UTAH STATE SENATOR JERRY STEVENSON: Has anyone taken a look at that and the cost of that versus a first benefit?
UTAH REP. JOHN WESTWOOD: That’s my concern as well, that we look at the fiscal side of this very carefully
CHRISTOPHER BOOKER: Despite those questions, there was one receptive republican — representative sophia DiCaro.
SOPHIA DICARO: I’m a little bit more interested in the mechanics, because I would like to see something like this work and would hate for it to get hung up due to mechanics. Maybe I can help take a look.
SOPHIA DICARO: And it’s not about necessarily accommodating the woman, it’s about accommodating the family. Because the husband’s impacted just as much. It’s a family affair so if we have a welcoming environment for family, I think that would only help this state.

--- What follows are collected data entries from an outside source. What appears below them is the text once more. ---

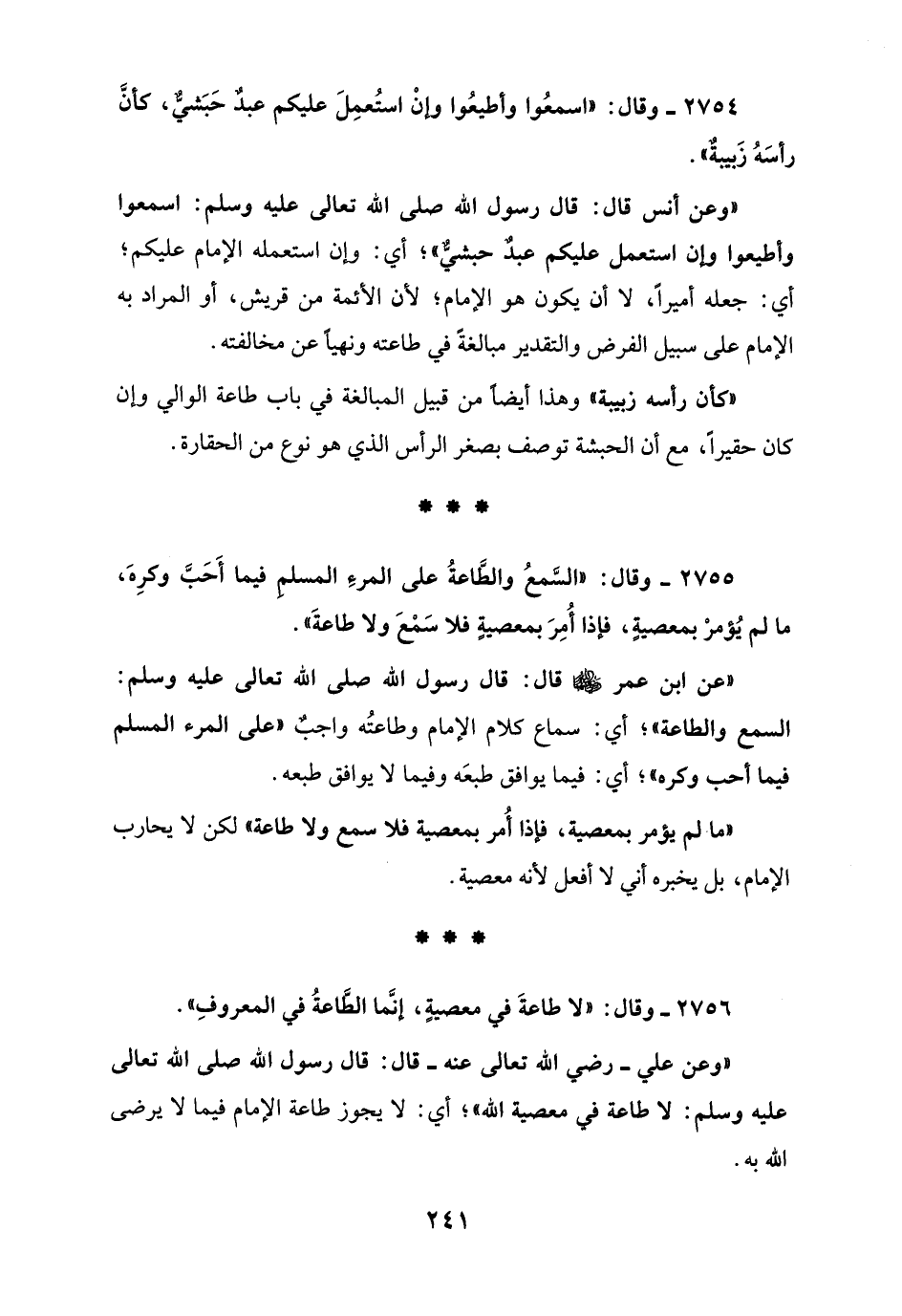 "كأن رأسه زبيبة" وهذا أيضاً من قبيل المبالغة في باب طاعة الوالي وإن كان حقيراً، مع أن الحبشة توصف بصغر الرأس الذي هو نوع من الحقارة.
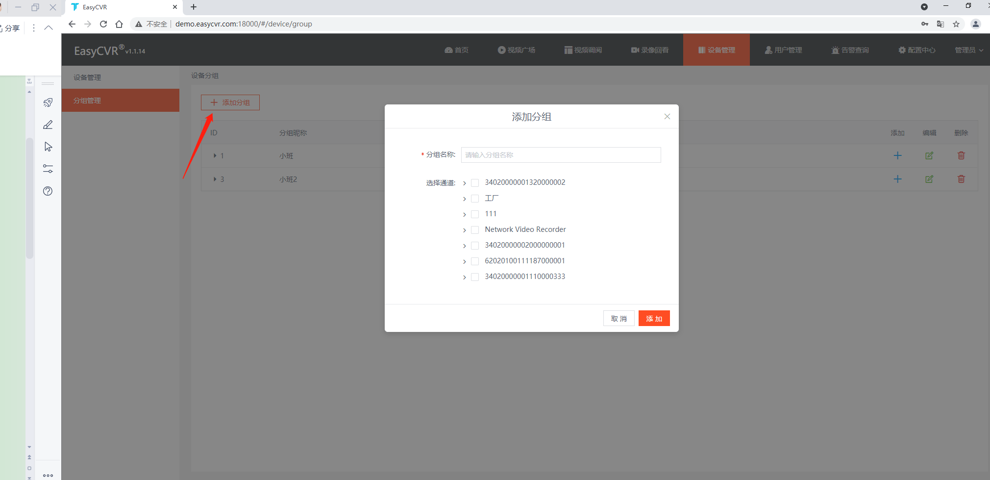 近期我们发现一个问题,即EasyCVR在进行创建新用户的时候,发现无法获取摄像机权限,角色在创建时无法选择摄像机。其实这个跟EasyCVR建立用户的机制有关,EasyCVR的用户创建和EasyNVR或EasyGBS不同,需要先建立分组,我们下面来重复一下正确的步骤。
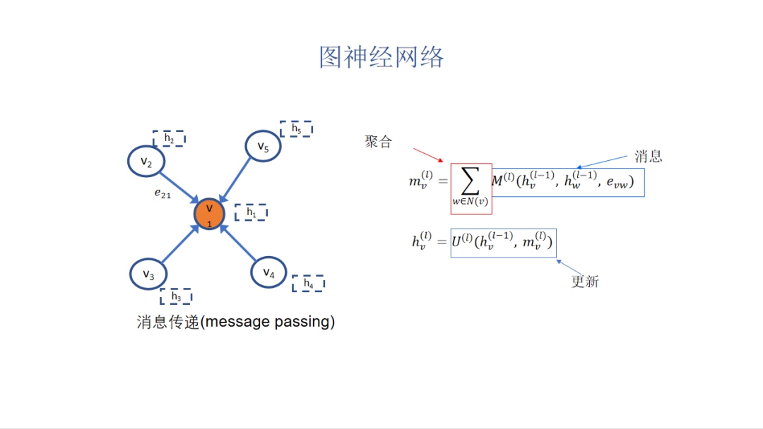 最近几年非常流行的一种图机器学习方法就是图神经网络,图神经网络核心想法是比起之前网络嵌入只能够捕捉在网络结构上节点的相似度,我们还希望同时捕捉在语义上的相似度,核心思想就是消息传递。为了更新一个节点目前的表示,我们首先从节点相邻的所有邻居节点那边收取一个信息。就是这样一个消息函数,这个消息函数可以是某种可以学习的神经网络,输入是我想要更新的节点表示、边表示和邻居节点表示。当我得到所有邻居节点消息以后,我需要对这些消息进行聚合。一般来说希望图上这样一个聚合操作和结点编号是无关的。比如所有消息拼接起来的话,这个拼接顺序跟节点顺序有关,我们希望做一些顺序无关的效果,所以我们常见是做一个求和的操作。

PATRICIA JONES: Women tend to migrate towards certain issues, whether it’s public ed or health, it’s issues where you know, child care, you know, family leave, and that sort of thing. Because those are the lives that they’ve lived. But to have the power to actually make change is really what’s important – that women understand the power that you can have. And there’s nothing wrong with the word power.
PATRICIA JONES: Suzanne’s running for, you are running for the house aren’t you?”
CHRISTOPHER BOOKER: Suzanne Harrison is one of 40 women in Jones’ political development series this year.
SUZANNE HARRISON: Thank you all for coming!
CHRISTOPHER BOOKER: An anesthesiologist and member of the Mormon Church, the first time candidate is running as a democrat for state house district 32, just outside Salt Lake City.
CHRISTOPHER BOOKER: So you are running for office for the first time. Why?
SUZANNE HARRISON: Mostly ’cause I’m a mom. And this is a priority for our family. We have some of the largest class sizes in the whole country and we have the lowest in per pupil spending in the whole country and I feel like that’s wrong. That’s not where my values are. That’s not my priority as a mom and as a doctor. I value public education and I want that to be a priority in this state.
CHRISTOPHER BOOKER: This november women are competing for 35 seats in the Utah house and senate. If, in the unlikely event they win all 35, this would more than double the percentage of women in state government…..But women would still only occupy a third of the Utah state legislature.
SUZANNE HARRISON: I’m an anesthesiologist. I’m a physician. My first priorities are to families and to my patients. And we could use some more of those kind of viewpoints in the legislature. There’s a lotta people in real estate. A lotta people that are developers. There are not very many physicians, and there’s not a lotta moms. And those perspectives really matter.